问题
I have a WCF service that caches certain data and uses it to respond to web requests. To deal with this requirement, I made the service a Singleton (using InstanceContextMode.Single
and ConcurrencyMode.Multiple
(yes, it's threadsafe)).
I've tried to set the timeout of the service to its maximum using the following binding:
<binding name="WebHttpBinding" receiveTimeout="24.20:31:23.6470000">
<security mode="TransportCredentialOnly">
<transport clientCredentialType="None" />
</security>
</binding>
My problem is that the service instance dies at unpredictable intervals, meaning the first web request to hit will cause the cache to get rebuilt (a very slow process).
Ideally, the cache would rebuild at a set time each day without having to get hit by a web request. I could set the app pool to recycle at a set time, but this still wouldn't resolve the issue of the service not getting instantiated until the first web request. I'd rather not have to make a little scheduled script that sends a request to the service, as that is kind of hacky.
Is there a better strategy for performing caching in a WCF service? What have others done here? Is there a best practice?
回答1:
There is an MSDN article on Caching Support for WCF Web HTTP Services, an excerpt is quoted below:
The .NET Framework version 4 enables you to use the declarative caching mechanism already available in ASP.NET in your WCF Web HTTP services. This allows you to cache responses from your WCF Web HTTP service operations. When a user sends an HTTP GET to your service that is configured for caching, ASP.NET sends back the cached response and the service method is not called. When the cache expires, the next time a user sends an HTTP GET, your service method is called and the response is once again cached..........
You might also want to look at:
- memcached
- Windows AppFabric
- NCache
- Caching Solutions
- WCF Caching Solution - Need Advice
- Also look at this on Velocity from Microsoft
回答2:
I have implemented caching at a higher layer inside the webservice.

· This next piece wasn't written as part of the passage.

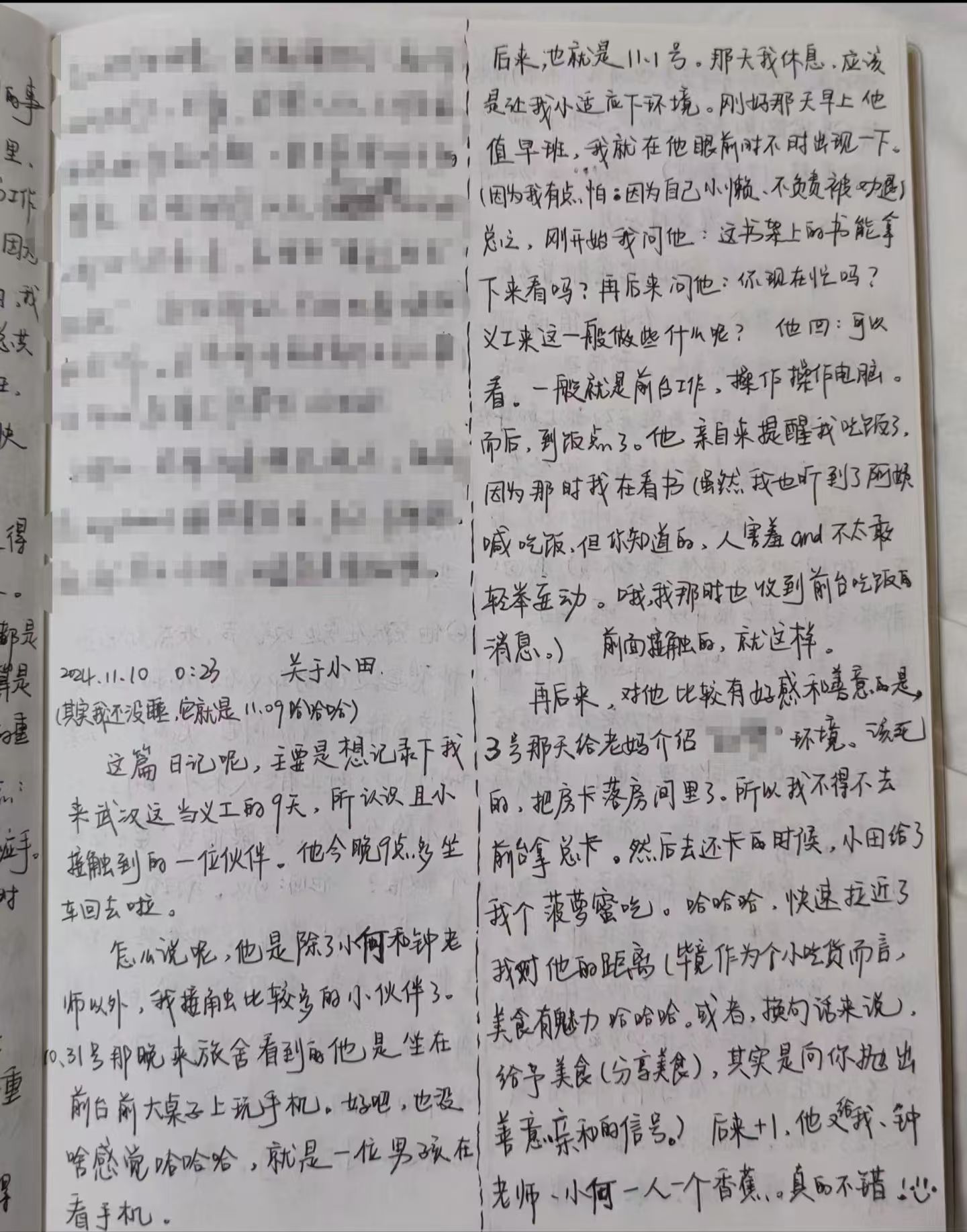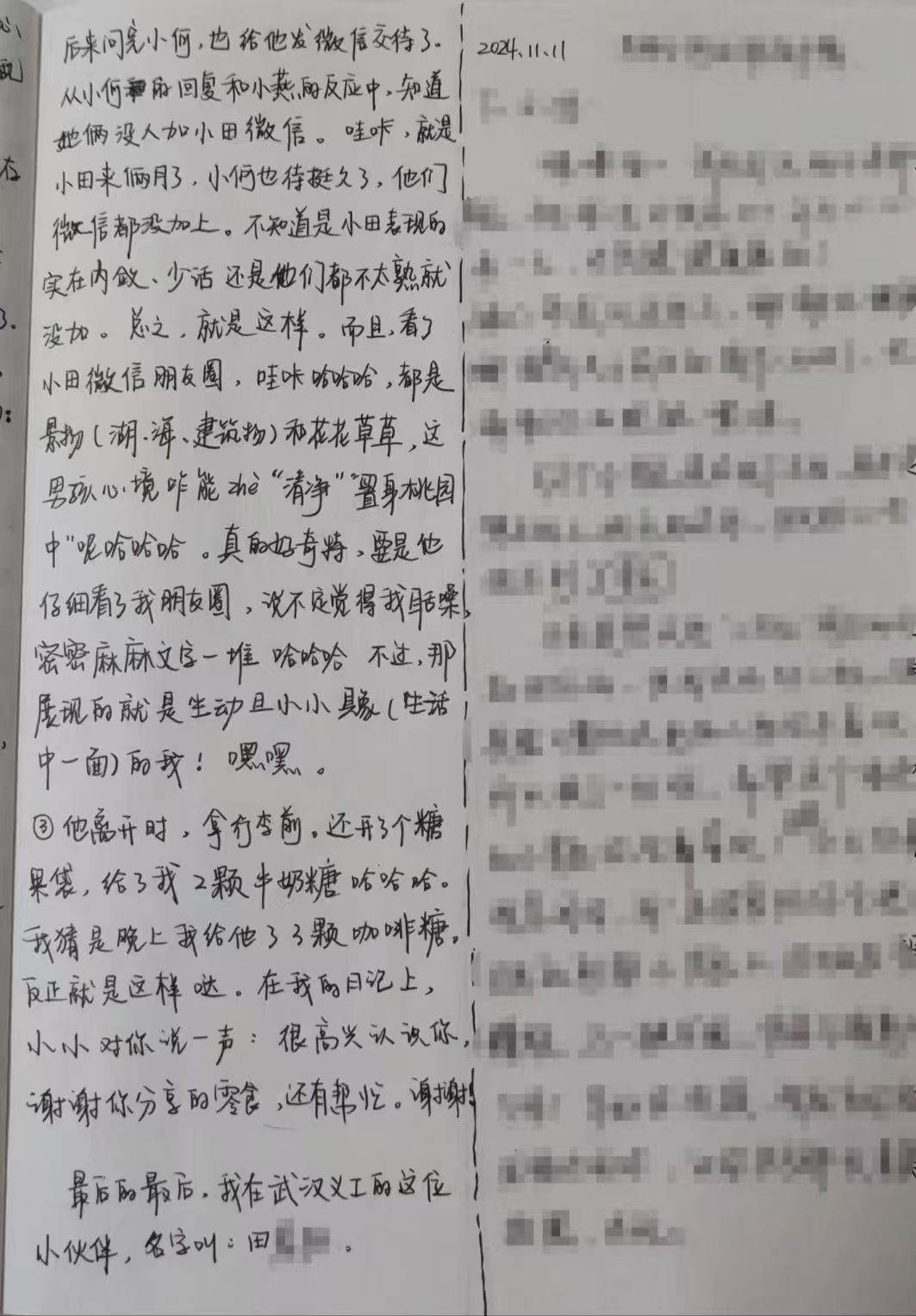 日记本中,我用文字记录下的小田。
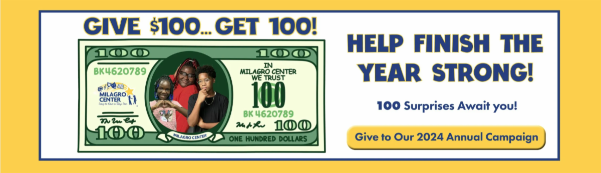 Well, here we are in 2025 already! The holidays were a whirlwind of activity here at Milagro Center. Our students enjoyed a Toys for Joy gift giveaway, a shopping day for holiday gifts for their parents provided by Touch a Heart Foundation, a giving tree where they each picked a gift they wanted, art supplies donated by No Open Spaces, gifts galore provided by Spirit of Giving Network, and many more fun things.

This way you can decide when to invalidate the cache, and when to deserialize from disk.
To make sure the cache is built before the first webrequest, add some code to global.asax
to generate the cache upon load of the web server.
This is much simpler than doing it the "right way"
[OperationContract]
public void GetLargeComplexData();
public GetLargeComplexData()
{
// deserialize last cached data from db or file
...
// Verify the deserialized cache is not invalid
...
// if cache is invalid rebuild
...
//return cached data
...
}
回答3:
The receiveTimeout
isn't going to affect what you're trying to do. You should use AppFabric to keep your service always running. That way, whenever you recycle, AppFabric will automatically warm up your service. Just make sure that your cache gets built when your service is instantiated, not when it's first accessed.
回答4:
You can use IIS7 application warmup module
http://blogs.iis.net/thomad/archive/2009/10/14/now-available-the-iis-7-5-application-warm-up-module.aspx
回答5:
An option you can use is to move the cache out of the WCF service and into a dedicated cache service such as Memcached or use Microsoft AppFabric Caching
This allows you to separate the storage of cached data from the WCF service so you have more freedom in your architecture of how the data is managed and accessed.